## Given data
<<<<

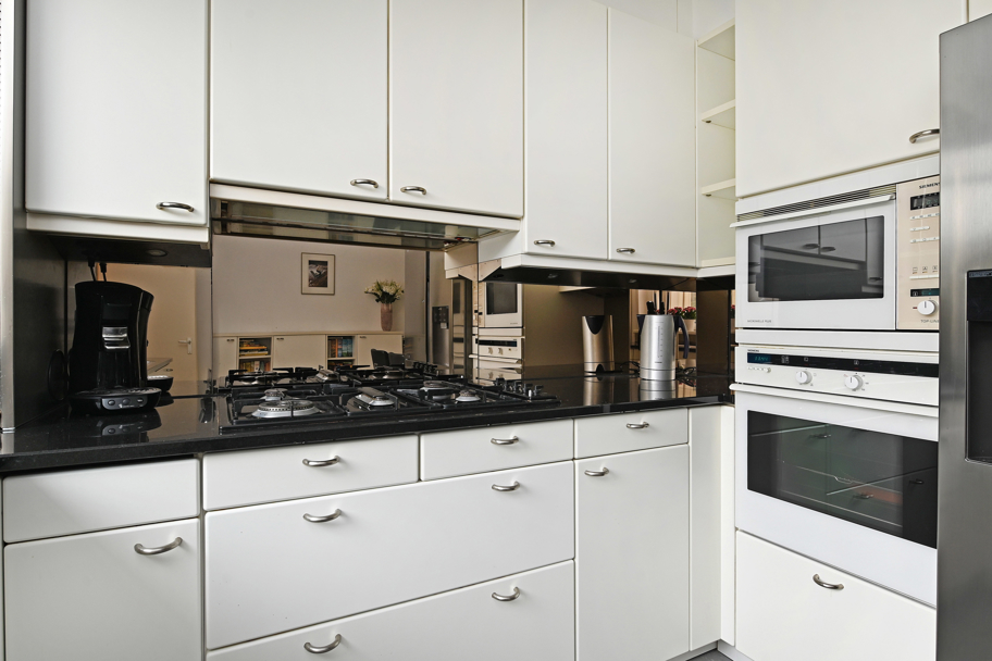 De keuken heeft vloerverwarming, kijkt uit op de voortuin, is in witte kleurstelling met een granieten aanrechtblad en voorzien van diverse inbouwapparatuur zoals een koel-/vriescombinatie, 5-pits gaskookplaat, afzuigkap, vaatwasser, magnetron en oven.
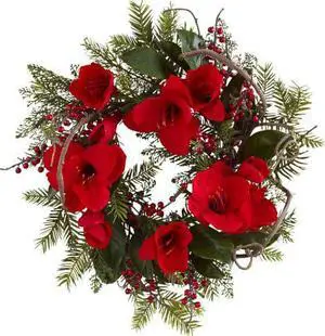 Nearly Natural Amaryllis Artificial Wreath, 24-Inch
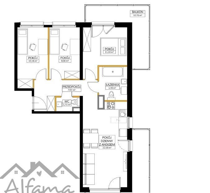 Mieszkanie składa się z przestronnego salonu z aneksem kuchennym, 3 sypialni, ustawnego przedpokoju, dużej łazienki, wc oraz dodatkowo 2 dużych,narożnych balkonów (11 i 12 m2).
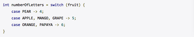 使用Java 12,switch不仅可以作为语句也可以作为表达式。 无论作为语句或者作为表达式,switch都可以使用传统/简化的作用域和控制流行为。 这将有助于简化代码,并为在switch中使用模式匹配铺平道路。

>>>>

## Exercise brief
Reproduce the lines of the data that run from the one containing "Nearly Natural Amaryllis" to the final line, both included, exactly as they appear and without the pictures.

## Output below
 Nearly Natural Amaryllis Artificial Wreath, 24-Inch
 Mieszkanie składa się z przestronnego salonu z aneksem kuchennym, 3 sypialni, ustawnego przedpokoju, dużej łazienki, wc oraz dodatkowo 2 dużych,narożnych balkonów (11 i 12 m2).
 使用Java 12,switch不仅可以作为语句也可以作为表达式。 无论作为语句或者作为表达式,switch都可以使用传统/简化的作用域和控制流行为。 这将有助于简化代码,并为在switch中使用模式匹配铺平道路。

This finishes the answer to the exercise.